The invention also concerns a removable adjustment device comprising a drive means, a drive rod and a coupling, which may be used in vessels provided with an adjustable outflow device and which are intended to be mobile.
Metallurgical vessels with an adjustable outflow device on their underside are employed frequently in the steel industry (see, e.g. GB No. 1477173). An example is the tundish of a continuous casting machine, from which a nozzle projects into a mould. The outflow through this nozzle is controlled by a slide gate. Such a tundish is designed to be mobile as it must be possible for casting to continue with a replacement tundish when for example the tundish has to be repaired.

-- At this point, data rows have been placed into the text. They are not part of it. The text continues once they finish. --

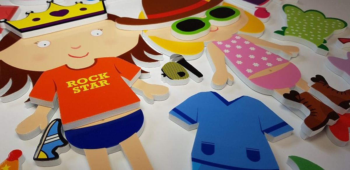 Díky tomu, že v sadě jsou dvě postavy, je možné, aby si hrály dvě děti současně. Nálepky jsou opakovaně použitelné.
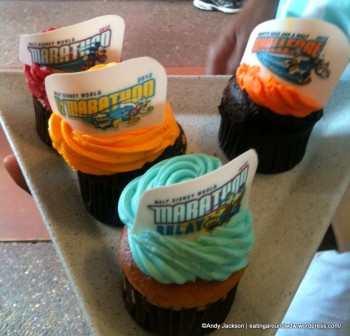 If you’re in Disney World now, stop by the Main Street Bakery to pick up one of these colorful cupcakes celebrating the races. There are versions for the marathon, half-marathon, marathon relay, and the Goofy challenge! Yum!
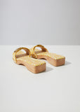 • square open toe; engraved designer signature at antiqued-brass center-release buckle; antiqued-brass studs at vamp straps; logo-debossed self-leather footbed
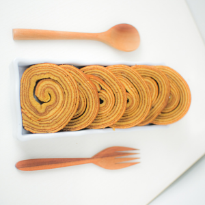 Lapis Legit Gulung is a Makacha innovation from the usual lapis legit, served rolled up creating a new sensation in consuming lapis legit, using the original pekkuk seasoning to make it smell like spices. The typical sweet and savory butter dominates each layer of this cake.
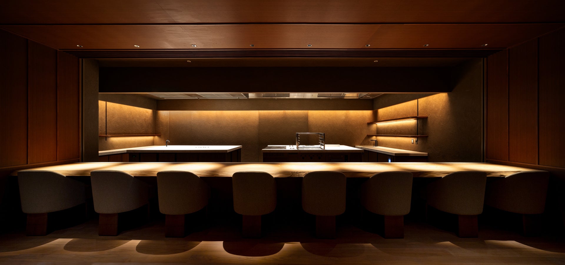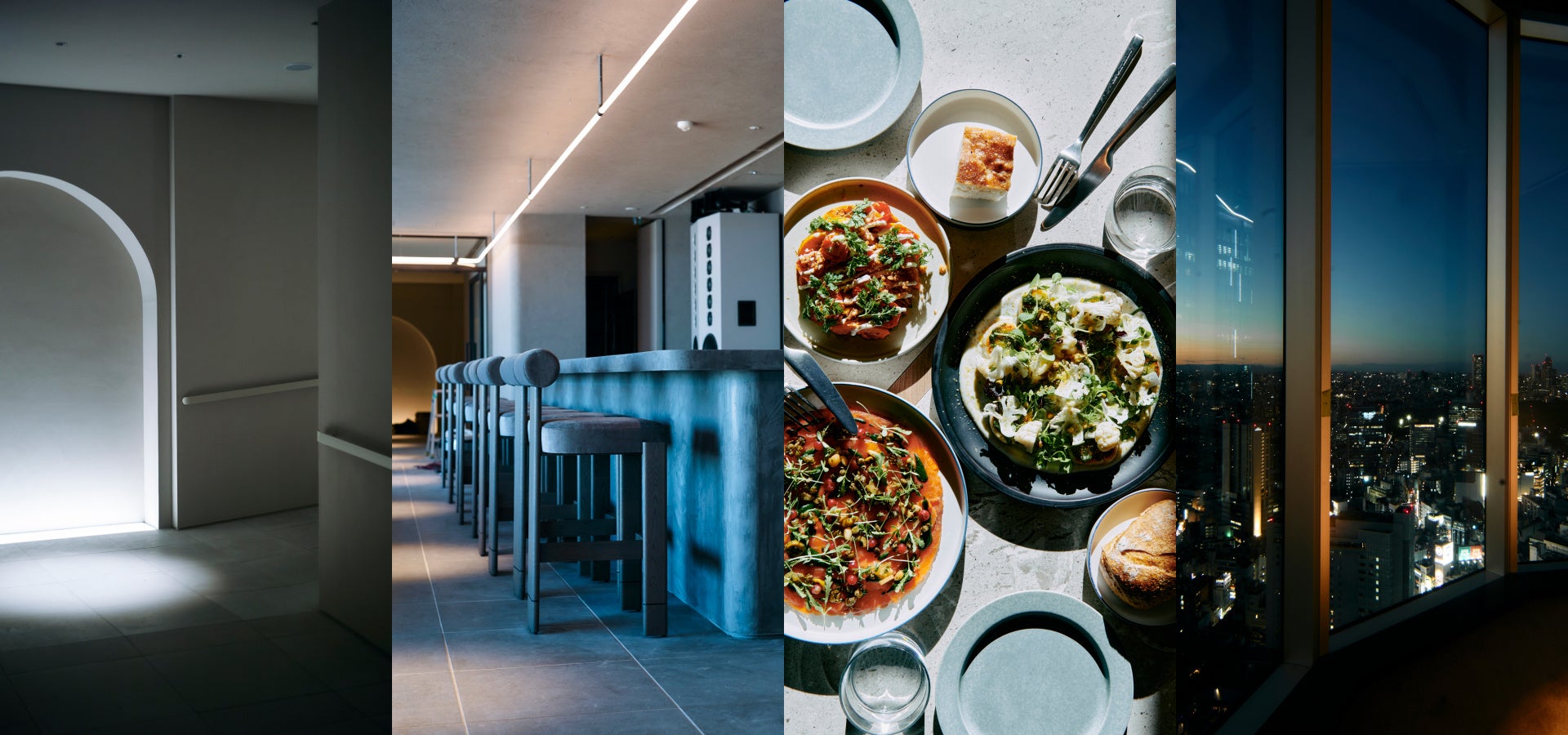 フロント、グリルダイニング、ミュージックバー、プライベートレストランの4つのエリアで構成され、エリア毎に専門性の高い業態と個性的な雰囲気を備えながら、光と影のグラデーションを活かした幻想的な空間デザインでフロア全体がゆるやかにつながっています。

The frequency with which a tundish has to be replaced depends on the casting cycle.
Usually three to four ladles of steel to be cast are emptied into the tundish, and after casting is completed and the tundish has had any remaining steel and slag emptied out of it, it is replaced. Sometimes the tundish is replaced after one charge, that is after the contents of one ladle have been cast. The quality of the lining and the outflow openings of the tundish used for casting are then checked.
For these methods of operation it is necessary to have a number of tundishes in circulation, with it being necessary for them to be replaced quickly because of the need to maintain the required production capacity of the casting machine.
The slide gate fitted on the underside of the tundish is connected via a drive rod in the driving direction to a drive device, such as a hydraulic cylinder. Tundishes which include a hydraulic cylinder can be replaced rapidly as only the hydraulic supply and discharge lines have to be disconnected or connected. This does, however, have the disadvantage that oil from the hydraulic system can get onto the casting platform, which increases the risk of fire. In addition, the hydraulic system must be vented at regular intervals, and dirt can enter the system, which causes oil leaks.
In U.S. Pat. No. 4,042,207 a casting ladle or tundish is disclosed with a slide gate permanently secured to its underside but a removable hydraulic cylinder drive for adjusting the slide gate. In this way the disadvantages of having to disconnect the hydraulic lines are avoided, but the manner of attachment of the slide gate adjustment device is not suited for fast and secure operation. The hydraulic cylinder is hooked onto lugs projecting from the slide gate and it is then necessary to manipulate the piston rod projecting from it (it is suggested that both axial and rotational movements of the rod may be required) in order to couple the rod drivingly with a moveable part of the slide gate. Even after this series of operations the adjustment device is not positively secured to the tundish or the slide gate; it relies on its own weight providing a stabilising force to hold it in position.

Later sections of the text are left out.